Story Stocks®
Updated: 24-Mar-25 11:42 ET
Kenvue edges modestly higher after landing on another activist investor's radar (KVUE)
Kenvue (KVUE) is once again finding itself in the crosshairs of an activist investment firm after feeling the heat from Starboard Value earlier in the year. According to Bloomberg, TOMS Capital Management has accumulated a stake in KVUE -- the size of which is undisclosed -- and is pushing for the company to separate business units, or to sell itself outright. Since being spun off from Johnson & Johnson (JNJ) in August 2023, KVUE has delivered underwhelming financial results, as reflected in the stock's 9% decline following the separation from JNJ. That subpar performance, including five consecutive quarters of yr/yr revenue declines, has made KVUE a target for activist investors.
- On March 5, KVUE appointed two new independent directors to its Board of Directors and announced that Starboard's Chief Executive Officer and Chief Investment Officer, Jeffrey Smith, will also be joining the Board. The move has placated Starboard, which subsequently withdrew its slate of nominated director candidates. TOMS Capital Management, though, believes that more drastic measures are needed to turn KVUE's fortunes around.

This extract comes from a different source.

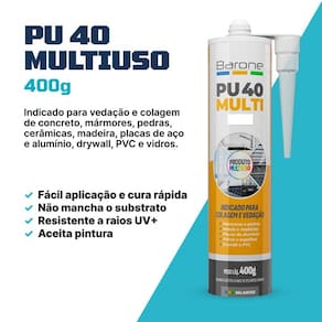 BARONEFLEX PU 40 MULTI é um selante elástico multiuso, que cura com a umidade do ar, destinado a vedações, calafetações verticais e horizontais e diversos tipos de substratos.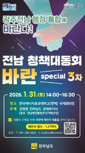 전남도는 이번 행사에서 제시된 의견을 소관 부서 검토를 거쳐 광주·전남 통합특별법과 도정 전반에 적극 반영할 방침이다.

- At this point, it's not clear what specific business unit(s) TOMS Capital Management would like JNJ to spin-off or sell-off. Over the past several years the market has seen some very prominent companies either execute or announce spin-offs, such as General Electric (GE), 3M (MMM), DuPont (DD), and Honeywell (HON). Business separations can create several advantages including valuations that better reflect the individual performances and growth prospects of individual segments, streamlined operations that can reduce complexities and costs, and more strategic flexibility to pursue acquisitions and partnerships.

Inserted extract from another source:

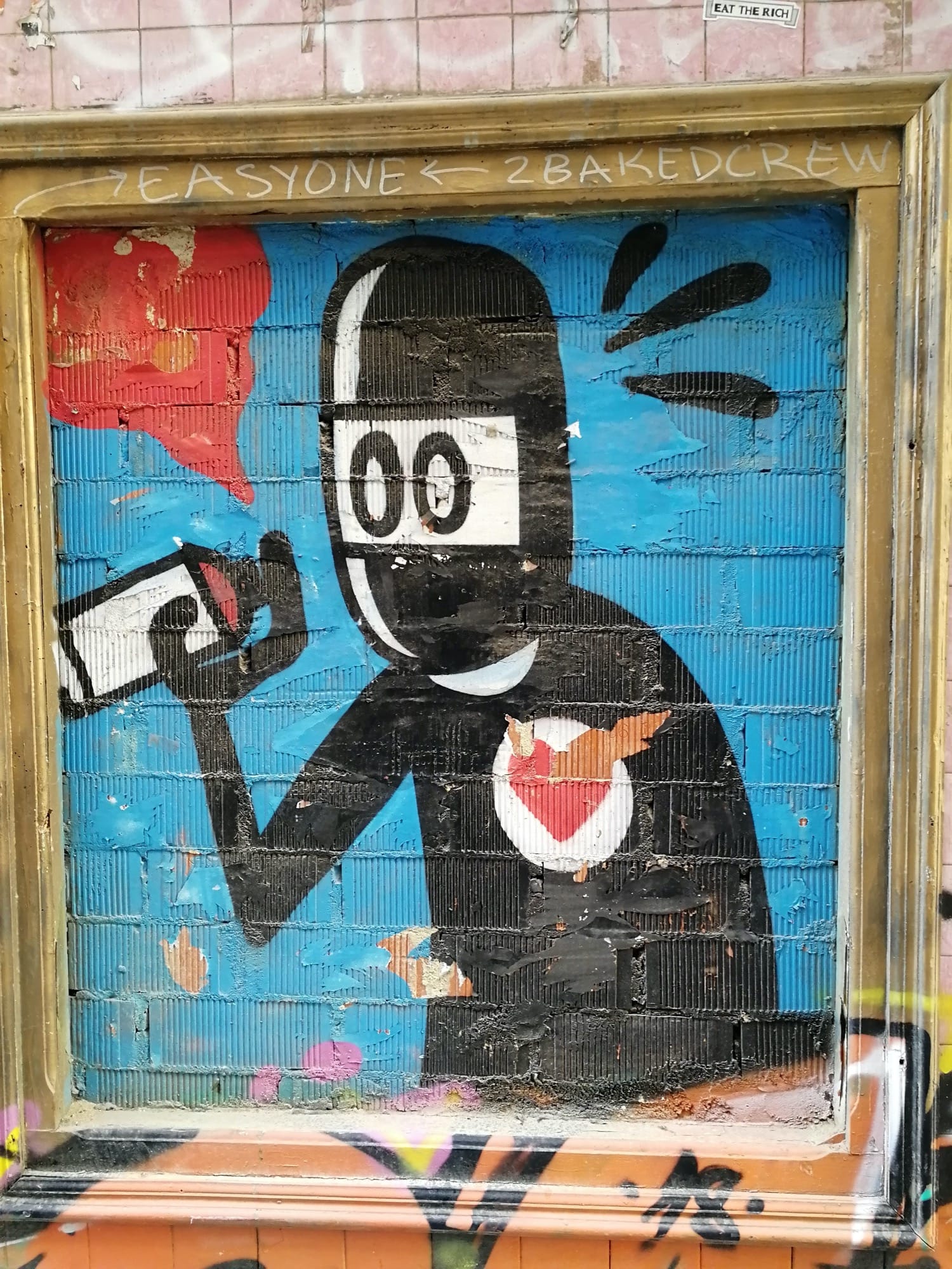 The artwork is of graffiti type. You can admire it in the city of València in Spain and more precisely here : Carrer del Cardenal Payà, 2, 46002 València, Valencia, Espagne.

- In our view, spinning off the struggling skincare and beauty businesses could make strategic sense. The business segment, which owns brands like Neutrogena and Aveeno, experienced a 2.6% increase in organic sales in Q4, but a 4.5% decline for FY24. In comparison, competitor Proctor & Gamble (PG), which owns the Olay, Dove and SK-II brands, delivered organic sales growth of 3% with a low single-digit drop in FY24.
- In addition to tough competition from PG, Unilever (UL), Haleon (HLN), and others, KVUE's Skin Health & Beauty segment is contending with sluggish demand and distributor issues in China. Meanwhile, the company's Self Care business (Tylenol, Benadryl, Visine, etc.) has seen soft demand in the cough and cold category, while a stronger U.S. dollar has hurt both segments. To address these challenges, KVUE has initiated its "Vue Forward" program that's expected to contribute $350 mln in annualized savings by 2026, and it's planning a 20% boost in brand investments, focusing on advertising and social media, particularly targeting Gen Z customers.

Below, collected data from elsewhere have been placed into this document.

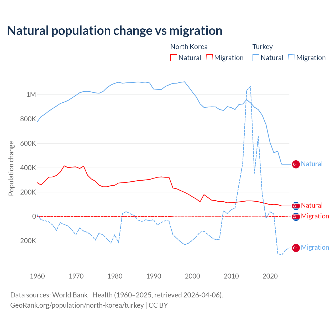 Over the last 10 years, 97.7% of the population change in North Korea is from natural causes (a gain of 1,097,372 people) and 2.33% is from migration (a loss of 26,227 people). In Turkey 73% is from natural causes (a gain of 7,333,352 people) and 27% is from migration (a gain of 2,718,916 people).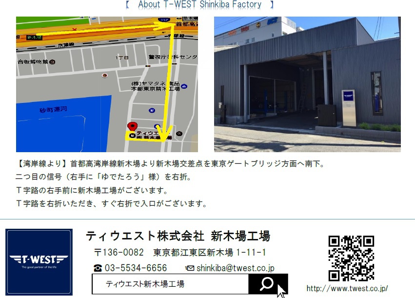 また、詳細については新木場工場フロントまでご連絡下さい。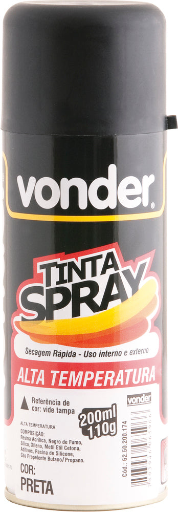 Conteúdo da embalagem 1 Lata de tinta em spray com 200 ml / 110 g Aplicações e dicas de uso Indicada para pinturas em geral, uso externo. Resistente à temperaturas de até 600°C. Destaques e diferenciais Secagem rápida

- TOMS Capital Management doesn't seem convinced that these actions will be enough to turn the tide for KVUE. It is possible that separating the skin care business from the company could increase shareholder value, but it isn't a guarantee. For example, after disclosing its decision to spin off its freight division on December 19, 2024, shares of FedEx (FDX) are trading lower by about 12% since the announcement.
TOMS Capital Management is advocating for KVUE to further distinguish its operations after being separated from JNJ, which should lead to a more agile and streamlined business should KVUE go the spin-off route. However, a separated KVUE could also lose the sales and cost synergies and efficiencies that it enjoys as a larger company.